Aku ingat bagaimana kamu menanyakan di mana tempat kesukaanku selain kamar dan perpustakaan. Kemudian satu pertanyaan itu menjadi obrolan ringan menjelang pagi yang dingin. Kala aku menjadi temanmu berehat setelah membakar lemak sebagai anggota tim basket kampus. Kamu yang menemaniku melempurkan tugas kuliah di kafe, sembari ngopi dan tertawa.

Ketika obrolan sederhana kita diselipi sedikit perhatian dan harapan.

Seperti aku yang bahagia menunggu suaramu terdengar di pertemuan kelas akhir pekan. Aku bahagia ketika kamu memakai kemeja putih yang kusuka.

Aku memang tidak tahu bagaimana bahagia versi dirimu. Tapi kuharapkan, tentangku memiliki sisi bahagia di hatimu. Karena sampai saat ini, aku masih berbahagia jika mengingat betapa konyolnya aku ketika jatuh hati padamu. Meski sesekali aku harus menitikkan air mata, saat aku mulai sadar bahwa kamu hanyalah bayang-bayang yang mengasyikkan tanpa mampu direalisasikan dalam tindakan.

***

Jakarta

Anika POV

Mama sudah sadar.

Hanya kata itu yang terngiang di telingaku. Aku sudah memberitahu Om Sultan, memberi kabar bahagia itu kepada orang yang selama ini 

terlalu berjasa untukku. Om Sultan tampak sangat senang, langsung membolehkanku ke Bandung.

Bahkan saat mengambil beberapa baju dan memasukkannya ke tas, Aku sampai tak menyadari ada orang yang memperhatikanku dari luar kamar.

Setelah semuanya beres, Aku segera berjalan menuju pintu kamar.

Aku kaget menyadari Satya berada di depannya. Tatapan pemuda itu masih... Ah, tidak. Aku sudah kebal dan bisa menghadapi Satya.

"Mau ke mana?"

Aku menyipit. "Bandung," jawabnya enteng, lalu mengambil celah untuk berjalan meninggalkannya.

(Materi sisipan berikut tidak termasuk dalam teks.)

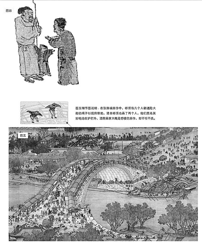 在张择端原作中,桥顶有几个人朝遇险大船扔绳子以提供帮助,清本桥顶也画了两个人,他们莫名其妙地站在护栏外,清院画家大概是想模仿原作,却不伦不类。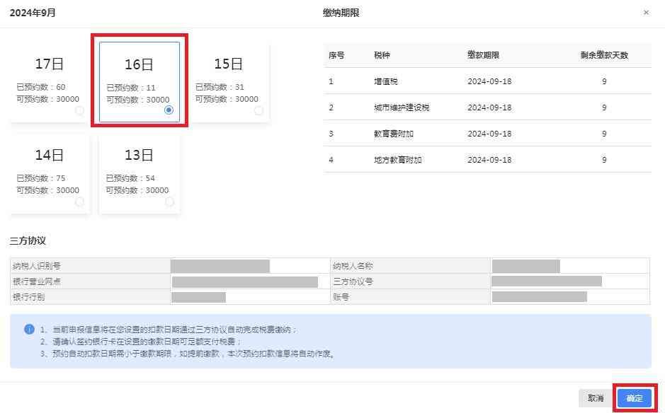 根据您的需求选择预约缴款日期,点击【确定】后即可预约成功。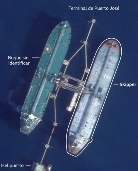 Los datos satelitales confirman que el petrolero falsificaba sus movimientos. Mientras que la última posición reportada por el AIS fue cerca de Guyana el 7 de noviembre, imágenes satelitales verificadas por BBC Verify mostraron que el Skipper estuvo en Puerto José, Venezuela, el 18 de noviembre, sin aparecer en los portales de seguimiento público. Los analistas de Kpler estimaron que el buque cargó «al menos 1,1 millones de barriles de crudo Merey» en esa terminal, con un destino declarado a Cuba.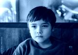 Cinematic portraitPortrait Kid looking deep in thought,Dramatic Young boy sitting alone in coffee shop or cafe waiting for food, A Child looking out with thinking face.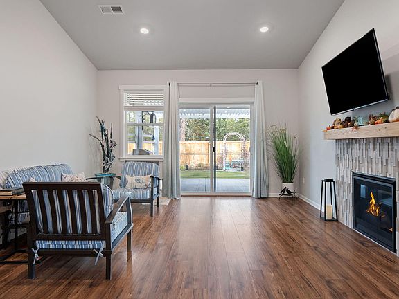 Welcome to this beautifully built 2022 Craftsman-style home, designed for low-maintenance vacation living or comfortable year-round residence. Bright and open, the floor plan features soaring vaulted ceilings and an expansive great room with oversized windows that fill the space with natural light. Rich plank-style laminate flooring flows throughout, complementing the home's thoughtful architectural details.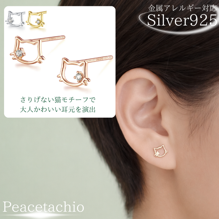 ピアス Silver925 シルバー ゴールド 18Kコーティング ネコ ねこ 猫 かわいい 金属アレルギー対応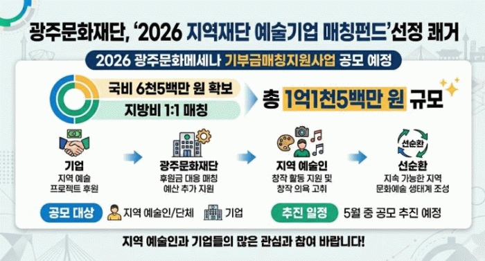 이에 따라 오는 5월, 지역 예술인과 기업을 대상으로 ‘2026 광주문화메세나 기부금매칭지원사업’ 공모를 시행할 예정이다.

Satya menahan tanganku. "sudah dapet tiket? aku perlu bicara denganmu."

Tak ada waktu. Aku tak akan membiarkan Satya menghalangiku. 

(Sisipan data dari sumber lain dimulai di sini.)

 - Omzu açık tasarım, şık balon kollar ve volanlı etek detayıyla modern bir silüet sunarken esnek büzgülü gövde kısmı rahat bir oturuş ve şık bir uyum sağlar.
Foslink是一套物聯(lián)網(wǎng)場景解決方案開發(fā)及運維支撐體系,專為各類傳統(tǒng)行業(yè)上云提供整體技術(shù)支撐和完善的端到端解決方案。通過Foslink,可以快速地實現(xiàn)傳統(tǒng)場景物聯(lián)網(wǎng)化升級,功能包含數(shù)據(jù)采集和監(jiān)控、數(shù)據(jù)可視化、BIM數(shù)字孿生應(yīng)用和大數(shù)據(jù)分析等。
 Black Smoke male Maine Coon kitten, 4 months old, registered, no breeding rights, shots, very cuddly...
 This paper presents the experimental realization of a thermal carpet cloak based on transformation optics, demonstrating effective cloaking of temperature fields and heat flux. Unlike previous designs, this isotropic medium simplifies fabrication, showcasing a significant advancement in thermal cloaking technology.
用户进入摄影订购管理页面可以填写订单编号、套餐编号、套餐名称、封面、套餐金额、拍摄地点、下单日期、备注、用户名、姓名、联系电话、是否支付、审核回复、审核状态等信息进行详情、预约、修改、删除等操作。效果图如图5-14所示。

Benar. Pemuda itu harus menyingkir sekarang juga.

"Satya, busnya udah mau berangkat. Kamu jangan mempersulit deh." Aku melepaskan genggamannya di tanganku.

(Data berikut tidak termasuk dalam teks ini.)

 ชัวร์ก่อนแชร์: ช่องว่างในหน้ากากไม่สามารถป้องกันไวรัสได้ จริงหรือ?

"Aku perlu bicara sama kamu."

Aku mendengus. "Lain kali, oke?"

Satya dengan cepat mengambil tasku dan berjalan lebih dulu daripada gadis itu. "Kita bicara sambil jalan. Aku antar kamu."

Aku hanya terpaku melihat punggungnya. Dia tak mengerti, apakah begitu cara Satya kembali mempermainkan hatiku?